EXACT SCIENCES CORP·4

Mar 23, 9:19 AM ET

ORVILLE JACOB A 4

Research Summary

AI-generated summary

Updated

EXAS EVP Orville Jacob Sells ~254k Shares in Abbott Merger

What Happened

  • Orville Jacob A, EVP & GM, Screening at Exact Sciences (EXAS), had multiple equity awards and shares converted/cancelled on March 23, 2026 in connection with Exact Sciences’ merger with Abbott Laboratories.
  • The filing shows an award/acquisition of 53,323 performance-based restricted stock units (PSUs) that were deemed vested and immediately converted, plus dispositions of 153,726 and 1,774 outstanding common shares (non-derivative), and dispositions of 6,581 and 38,707 derivative securities (total reported shares involved ≈ 254,111).
  • Under the merger, common shares and PSUs were converted into a right to receive $105.00 per share in cash. The non-derivative portion (53,323 PSUs + 155,500 outstanding shares = 208,823 shares) implies roughly $21.9 million pre-tax at $105/share; derivative items (45,288) were cancelled/converted per merger terms and may have different cash values depending on option exercise prices (not specified in the filing).

Key Details

  • Transaction date: March 23, 2026 (Effective Time of the merger).
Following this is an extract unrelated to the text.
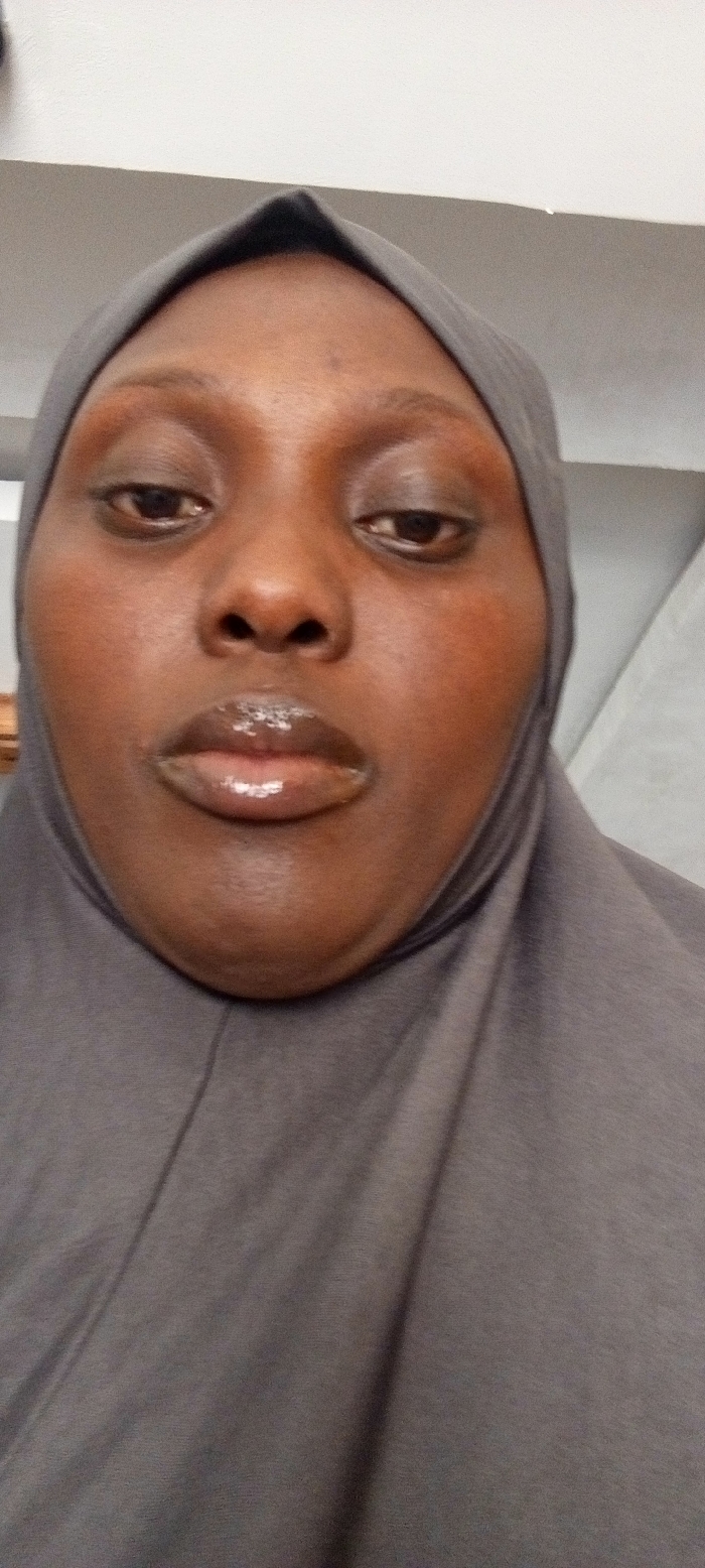 The image presents a close-up, frontal portrait of an individual, likely female, with dark brown skin. The subject is wearing a solid grey hijab, which covers the head, neck, and drapes over the shoulders. The eyes are dark brown and directed straight towards the viewer. The nose is broad, and the full lips exhibit a noticeable glossy finish. The background reveals an indistinct indoor environment, consisting of light grey wall surfaces and a white upper section, suggesting a room corner or wall junction. No other individuals or objects are discernible within the frame. This scene is located in Fagge A, Nigeria.

Merger consideration: $105.00 per share (footnotes F1–F3, F2).
  • Reported items: A (acquisition/award) 53,323 shares; D (dispositions to issuer) 153,726; 1,774; 6,581 (derivative); 38,707 (derivative).
  • Approximate cash value: ~208,823 common/PSU shares × $105 = ~$21.9M pre-tax; additional cash for derivative cancellations not provided in the Form 4.
  • Important footnotes: Merger with Abbott (Merger Agreement dated Nov 19, 2025) caused PSUs to be deemed vested and converted to cash (F2); outstanding common shares converted to the Merger Consideration (F3); outstanding options and certain awards were cancelled/converted per merger terms (F5, F8). Options referenced became exercisable Feb 14, 2024 (F4); some RSUs had future vesting schedules (F7).
  • Filing timeliness: Transaction and filing date are both March 23, 2026 — appears timely (no late filing noted).
  • No 10b5-1 plan or gift code indicated.

Context

  • These transactions are the result of a corporate merger—shares and awards were converted/cancelled for the merger cash consideration, not an open-market sale. Such merger-driven dispositions reflect deal mechanics rather than an insider trading decision; derivative/option cash-outs may be calculated differently (see footnotes).